- [TASK DIRECTIONS] Using the records below, copy exactly the part that opens with the line holding "Poner las plantillas" and closes with the line holding "The overall solution", minus the pictures.

[Opening DATA PROVIDED section]

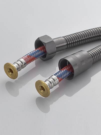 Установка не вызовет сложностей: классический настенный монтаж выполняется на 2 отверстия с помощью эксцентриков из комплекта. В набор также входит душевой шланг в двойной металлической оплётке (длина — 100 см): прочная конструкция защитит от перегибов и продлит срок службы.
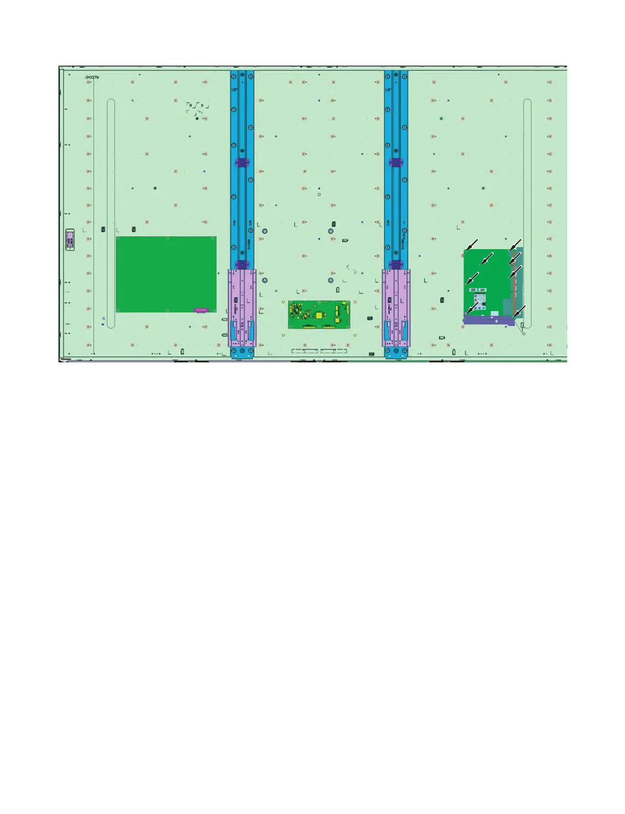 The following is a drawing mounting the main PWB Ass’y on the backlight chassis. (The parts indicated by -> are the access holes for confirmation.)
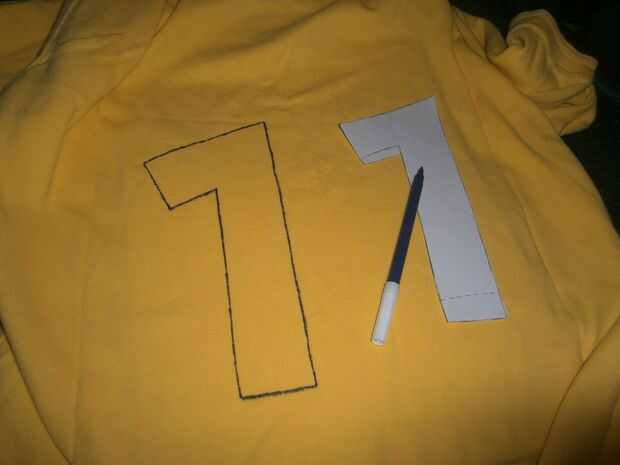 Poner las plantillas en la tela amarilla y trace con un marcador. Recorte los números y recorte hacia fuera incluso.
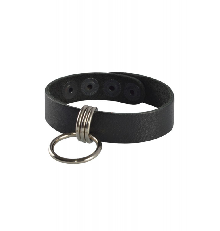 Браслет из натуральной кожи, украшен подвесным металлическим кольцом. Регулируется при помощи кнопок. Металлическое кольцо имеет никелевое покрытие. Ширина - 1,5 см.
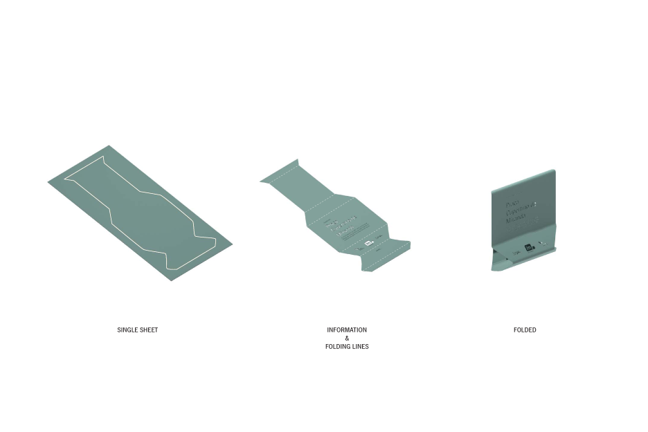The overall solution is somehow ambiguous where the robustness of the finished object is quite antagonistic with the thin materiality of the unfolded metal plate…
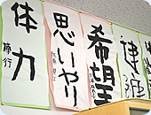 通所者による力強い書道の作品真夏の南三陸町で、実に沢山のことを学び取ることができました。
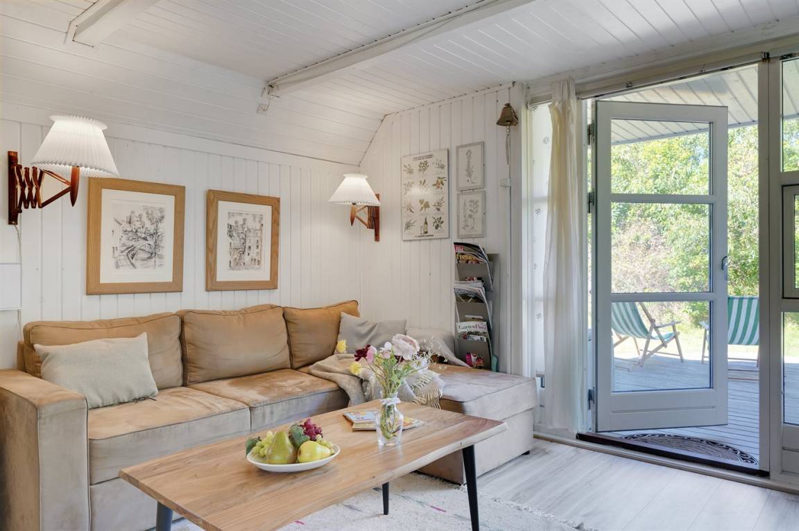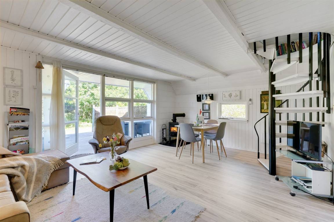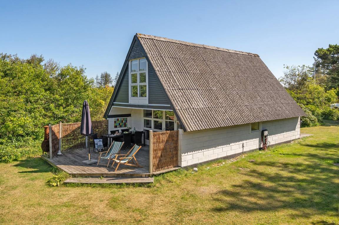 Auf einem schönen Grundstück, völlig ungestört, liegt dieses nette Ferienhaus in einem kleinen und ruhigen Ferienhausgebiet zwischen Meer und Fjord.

[Closing DATA PROVIDED section]

- [TASK OUTPUT]
 Poner las plantillas en la tela amarilla y trace con un marcador. Recorte los números y recorte hacia fuera incluso.
 Браслет из натуральной кожи, украшен подвесным металлическим кольцом. Регулируется при помощи кнопок. Металлическое кольцо имеет никелевое покрытие. Ширина - 1,5 см.
The overall solution is somehow ambiguous where the robustness of the finished object is quite antagonistic with the thin materiality of the unfolded metal plate…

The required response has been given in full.